* Description of the task *
Quote the listing in full, exactly as given, minus any pictures.
***** Data provided
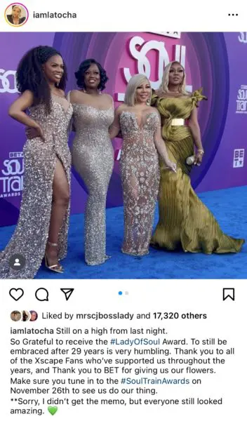 “Still on a high from last night…So Grateful to receive the #LadyOfSoul Award. To still be embraced after 29 years is very humbling. Thank you to all of the Xscape Fans who’ve supported us throughout the years, and Thank you to BET for giving us our flowers. Make sure you tune in to the #SoulTrainAwards on November 26th to see us do our thing.”
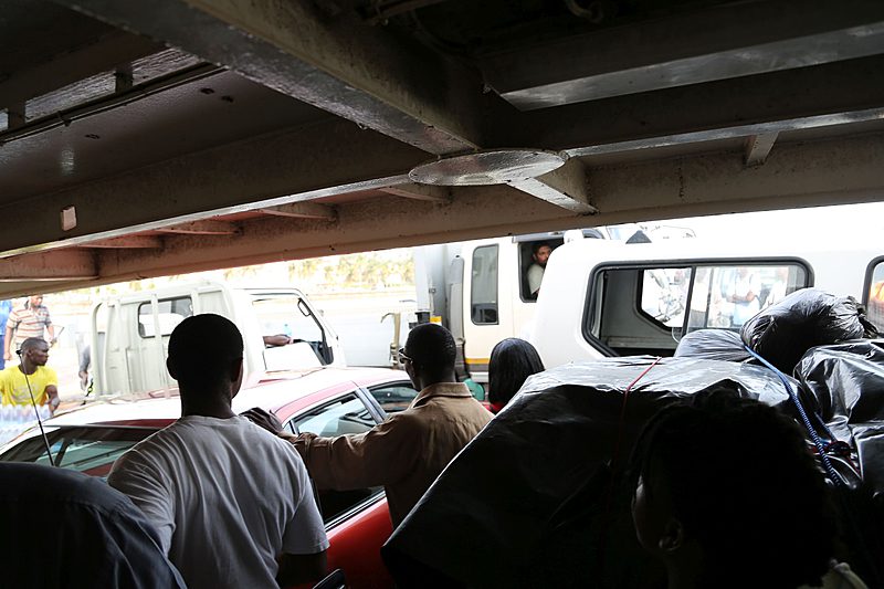 Mit der Fähre kann man nach Catembe direkt auf der gegenüberliegenden Seite der Maputo Bay fahren und einen Blick auf die Skyline der Hauptstadt werfen. Ich hätte wirklich nicht gedacht, wie viele Autos, Pickups und Lastwagen auf so eine kleine Fähre passen.
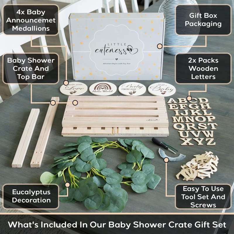 Wooden Baby Shower Crate Closet - Customizable Wooden Crate Box with Dual Rod System, Personalized Baby Shower Basket Alphabet Letters, Easy Assembly Baby Baskets for Baby Shower (Natural Wood)
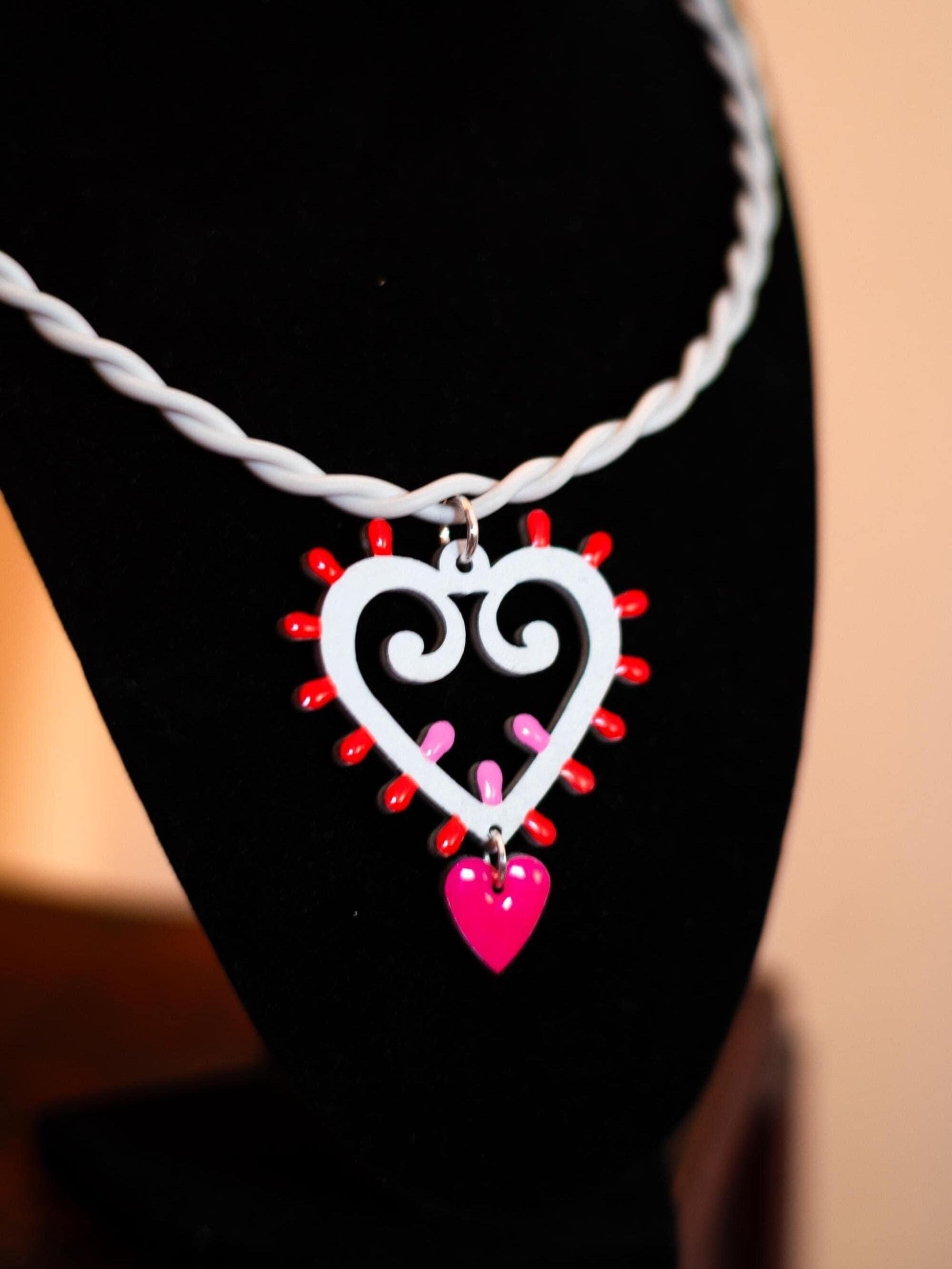 La collana è composta con il cavo elettrico intrecciato delle luminarie e con un ciondolo a forma di Cuore (diametro 6 cm) realizzato interamente in legno multistrato da 3mm, verniciato e resinato a mano. Ultra leggero e resistente. La chiusura semplificata a click è in acciaio inossidabile.
**********
* Finished exercise *
 “Still on a high from last night…So Grateful to receive the #LadyOfSoul Award. To still be embraced after 29 years is very humbling. Thank you to all of the Xscape Fans who’ve supported us throughout the years, and Thank you to BET for giving us our flowers. Make sure you tune in to the #SoulTrainAwards on November 26th to see us do our thing.”
 Mit der Fähre kann man nach Catembe direkt auf der gegenüberliegenden Seite der Maputo Bay fahren und einen Blick auf die Skyline der Hauptstadt werfen. Ich hätte wirklich nicht gedacht, wie viele Autos, Pickups und Lastwagen auf so eine kleine Fähre passen.
 Wooden Baby Shower Crate Closet - Customizable Wooden Crate Box with Dual Rod System, Personalized Baby Shower Basket Alphabet Letters, Easy Assembly Baby Baskets for Baby Shower (Natural Wood)
 La collana è composta con il cavo elettrico intrecciato delle luminarie e con un ciondolo a forma di Cuore (diametro 6 cm) realizzato interamente in legno multistrato da 3mm, verniciato e resinato a mano. Ultra leggero e resistente. La chiusura semplificata a click è in acciaio inossidabile.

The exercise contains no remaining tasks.